Table Output - Inequality Metrics

Gini Coefficient and GDP Statistics

We calculate the Gini coefficient and other statistics for each continent to quantify economic inequality.

inequality_table <- filtered_data %>%
  group_by(continent) %>%
  summarise(
    Continent = first(continent),
    Gini_Coefficient = ineq::Gini(gdpPercap, na.rm = TRUE),
    Average_GDP_Per_Capita = mean(gdpPercap, na.rm = TRUE),
    Median_GDP_Per_Capita = median(gdpPercap, na.rm = TRUE),
    Minimum_GDP_Per_Capita = min(gdpPercap, na.rm = TRUE),
    Maximum_GDP_Per_Capita = max(gdpPercap, na.rm = TRUE),
    Standard_Deviation = sd(gdpPercap, na.rm = TRUE),
    IQR = IQR(gdpPercap, na.rm = TRUE)
  ) %>%
  arrange(desc(Gini_Coefficient)) # Sort by Gini coefficient

kable(inequality_table, caption = "Inequality Table: Gini Coefficient and GDP Statistics by Continent") %>%
  kable_styling(full_width = FALSE, position = "center", bootstrap_options = c("striped", "hover", "condensed"))
Inequality Table: Gini Coefficient and GDP Statistics by Continent
continent Continent Gini_Coefficient Average_GDP_Per_Capita Median_GDP_Per_Capita Minimum_GDP_Per_Capita Maximum_GDP_Per_Capita Standard_Deviation IQR
Asia Asia 0.5682388 12473.027 4471.062 944.0000 47306.99 14154.937 19863.982
Africa Africa 0.5489265 3089.033 1452.267 277.5519 13206.48 3618.163 3130.550
Americas Americas 0.3998920 11003.032 8948.103 1201.6372 42951.65 9713.209 6249.221
Europe Europe 0.2627290 25054.482 28054.066 5937.0295 49357.19 11800.340 19006.064
Oceania Oceania 0.0775772 29810.188 29810.188 25185.0091 34435.37 6540.991 4625.179

Visualization - GDP per Capita Distribution

Boxplot

We create a boxplot to visualize the distribution of GDP per capita across continents.

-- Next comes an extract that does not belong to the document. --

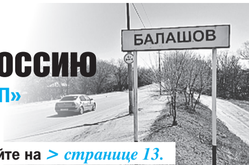
Виктор ГУСЕЙНОВ/«КП» - Москва

boxplot_gdp <- ggplot(filtered_data, aes(x = continent, y = gdpPercap, fill = continent)) +
  geom_boxplot(outlier.colour = "red", outlier.size = 2) + # Highlight outliers
  geom_jitter(alpha = 0.3, color = "black", size = 0.5) + # Add jitter for data points
  scale_y_log10() +
  labs(
    title = "GDP per Capita Distribution by Continent (2007)",
    x = "Continent",
    y = "GDP per Capita (log scale)"
  ) +
  theme_minimal() +
  theme(axis.text.x = element_text(angle = 45, hjust = 1)) # Rotate x-axis labels for better readability

print(boxplot_gdp)

Percentile Analysis

Top 10% vs Bottom 10% GDP Per Capita

We compare the top and bottom 10% average GDP per capita and calculate the ratio to highlight disparities.

percentile_analysis <- filtered_data %>%
  group_by(continent) %>%
  summarise(
    Continent = first(continent),
    Top_10_Percent_Average = mean(sort(gdpPercap, decreasing = TRUE)[1:floor(0.1 * n())], na.rm = TRUE),
    Bottom_10_Percent_Average = mean(sort(gdpPercap)[1:floor(0.1 * n())], na.rm = TRUE),
    Ratio_Top_to_Bottom = Top_10_Percent_Average / Bottom_10_Percent_Average
  )

kable(percentile_analysis, caption = "Percentile Analysis: Top 10% vs Bottom 10% GDP Per Capita") %>%
  kable_styling(full_width = FALSE, position = "center", bootstrap_options = c("striped", "hover", "condensed"))
Percentile Analysis: Top 10% vs Bottom 10% GDP Per Capita
continent Continent Top_10_Percent_Average Bottom_10_Percent_Average Ratio_Top_to_Bottom
Africa Africa 12188.98 434.2142 28.071361
Americas Americas 39635.44 1975.4791 20.063713
Asia Asia 44725.05 1003.3134 44.577348
Europe Europe 42513.20 7280.5349 5.839296
Oceania Oceania 34435.37 25185.0091 1.367296

Bar Plot for Ratio

We visualize the ratio of the top 10% to bottom 10% GDP per capita using a bar plot.

barplot_ratio <- ggplot(percentile_analysis, aes(x = reorder(Continent, -Ratio_Top_to_Bottom), y = Ratio_Top_to_Bottom, fill = Continent)) +
  geom_bar(stat = "identity", color = "black") +
  labs(
    title = "Top 10% vs Bottom 10% GDP Per Capita Ratio by Continent",
    x = "Continent",
    y = "Ratio (Top 10% / Bottom 10%)"
  ) +
  theme_minimal()

print(barplot_ratio)

Summary and Interpretation

Key Insights

  • The Gini coefficient highlights significant disparities, with Africa showing the highest inequality.
  • Boxplots reveal wide variation in GDP per capita within continents, with skewed distributions.
  • The ratio of top 10% to bottom 10% GDP per capita underscores stark wealth disparities, especially in Africa and Asia.